CaptainFever · 3h ago
Nitpick: this is not open weights, this is weights available. The license restricts many things like commercial, NSFW, etc.
dang · 17m ago
Alright we've made the title not say open, in the hope of routing around this objection.
dragonwriter · 2h ago
I mean this started with Stable Diffusion 1.x->XL which were only loosely open, and has just gotten worse with progressively farther from open licensed image gen models being described as “open weights”, but, yes, Flux.1 Krea (like the weights-available versions of Flux.1 from BFL itself) is not open even to the degree of the older versions of Stable Diffusion; weights available and “free-as-in-beer licensed for certain uses”, sure, but not open.
dvrp · 13h ago
For Dang or HN-mods:

I noticed that the URL for this submission is wrong: I tried to submit the correct URL (https://www.krea.ai/blog/flux-krea-open-source-release) but, for some reason, the submission gets flagged as duplicated and then I can only find this item which has a URL to our old blog post.

In the mean time, I'll setup a server-side redirect from the old blog post to our new one, but it would be nice to fix the link and I don't think I can do it on my side.

dang · 8h ago
It's because https://www.krea.ai/blog/flux-krea-open-source-release contains this:

  <link rel="canonical" href="https://www.krea.ai/blog/new-krea">
Our software follows canonical links when it finds them.
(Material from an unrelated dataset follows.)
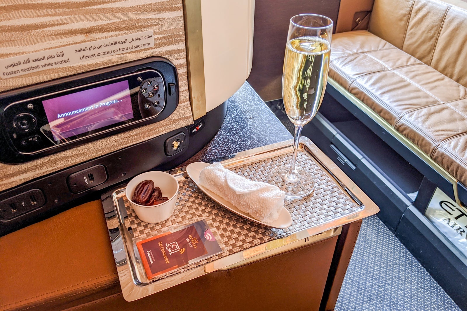 Shortly after I boarded, a glass of 2006 Charles Heidsieck Brut Champagne, dates and a warm towel arrived at my seat.

I've fixed the link above now (and rolled back the clock on the submission, to make up for lost time) but you might want to fix this for future pages.

dvrp · 7h ago
OMG. Thank you! I had to setup a CDN-level redirect and I was so confused as to why when I asked others to help, their submissions were flagged as [dupe] or [dead]

Thank you so much! I knew that HN software was advanced, but I didn’t know you guys used Canonical URLs like Google does. Smart and thanks for helping us with this slip!!!

dang · 15m ago
Oh you're welcome - it does lead to a lot of not-obvious problems like this but I think it's worth it overall. It helps with duplicate detection, merging threads, and so on.